Computers will only do what they are programmed to do. And based on what appears to duplicated or inaccurate information, SAM is still churning out overdue and penalty notice letters to farmers at a rate of knots, regardless of circumstances.

This data is now linked to the RPA computers - [link] and swinging penalties applied for alleged discretions. But it would appear that this particular computer (SAM) isn't always right.

Tuesday, January 07, 2014

Paying twice?

We note with interest and not a little curiosity that the press has released a set of figures - [link] which  assess the cost of the pilot badger culls using free shooting, at £4,100 per badger shot.

Wildlife charity 'Care for the Wild', through various sources, has attributed the costs of the shooting parties thus:

Farmer contribution was assessed at £1.49m, with policing of the cull areas, including police travelling time accounting for £2.66m.

But the biggest slice of  the £7.3m largesse goes to Natural England, FERA and Defra who, having dreamed up the most complicated, bureaucratic and divisive - [link] load of tosh ever, trousered £3.17m. 

One may wonder, what these governmental quangoes do for a day job, if this sort of 'work' is audited separately? And it also bears pointing out that in most civilised countries, the control of zTuberculosis whatever its source, is by statute. These laws are not subject to add on 'policing' costs and they invite custodial sentences for those who break them and encourage its spread..

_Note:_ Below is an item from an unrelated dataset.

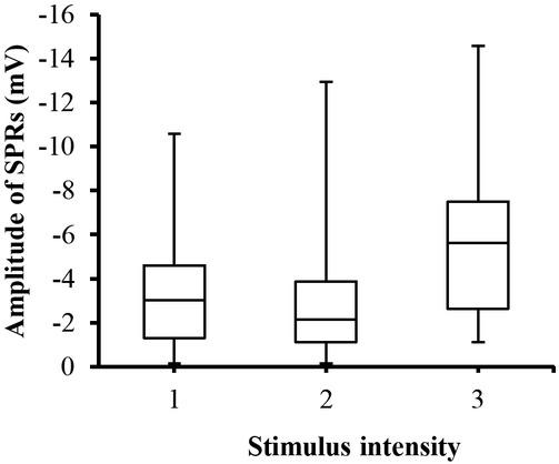 Box-plot with medians, quartiles and the min and max as whiskers shows value of SPRs_Amp with respect to the stimulus intensity.
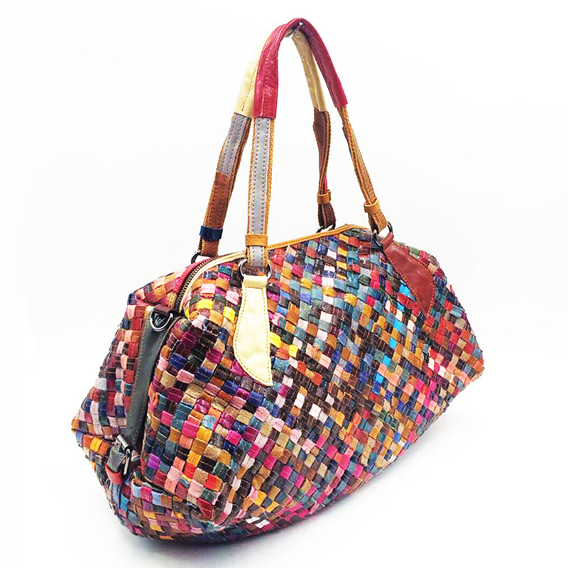 Multicolor Spliced Leather Handwoven Shoulder Bag

Spokesman for 'Care for the Wild,' Dominic Dyer, also claimed:
... the figures undermined any justification for rolling culling out to new areas this year and claimed that, over four years, the costs of culling would outweigh the financial benefits of reduced disease incidence by more than seven times.
Those simplistic mathematical gymnastics ignore a very important side effect of allowing widespread zTuberculosis to decimate our cattle herds.  And that is the cost to the UK economy of another trade ban. - [ link] Which may be the not insignificant result of Defra's fiddling while this disease spreads not only throughout our tested sentinel cattle, but other internationally traded mammals - [link] and, as we saw in the 1996 'Beef Ban', the hundreds of products which cascade from them.

Finally, to compare this pilot cull with the cost of vaccinating badgers is just plain naive.

Conveniently ignoring as it does, both the efficacy of available vaccine (poor) and the disease status of any candidate (unknown) - should it volunteer to be cage trapped and jabbed at all. But also Natural England and FERA appear to require no data whatsoever on either numbers of badgers to be vaccinated, disease status of that population or the percentage of those totals which actually volunteer for a jab.
This seems strangely one sided one sided to us - to the tune of £3.17m.

But cost and potential trade bans aside, the main difference is that dead badgers don't spread zTuberculosis, either amongst themselves or to other mammals. And that is the point.

 


Thursday, January 02, 2014

New testing rules for 2014

Today, Farmers Guardian's Alistair Driver describes Defra's new 'stick but no carrot' - [link] approach to TB tests which may be a day or two late on a desk jockey's computer print out.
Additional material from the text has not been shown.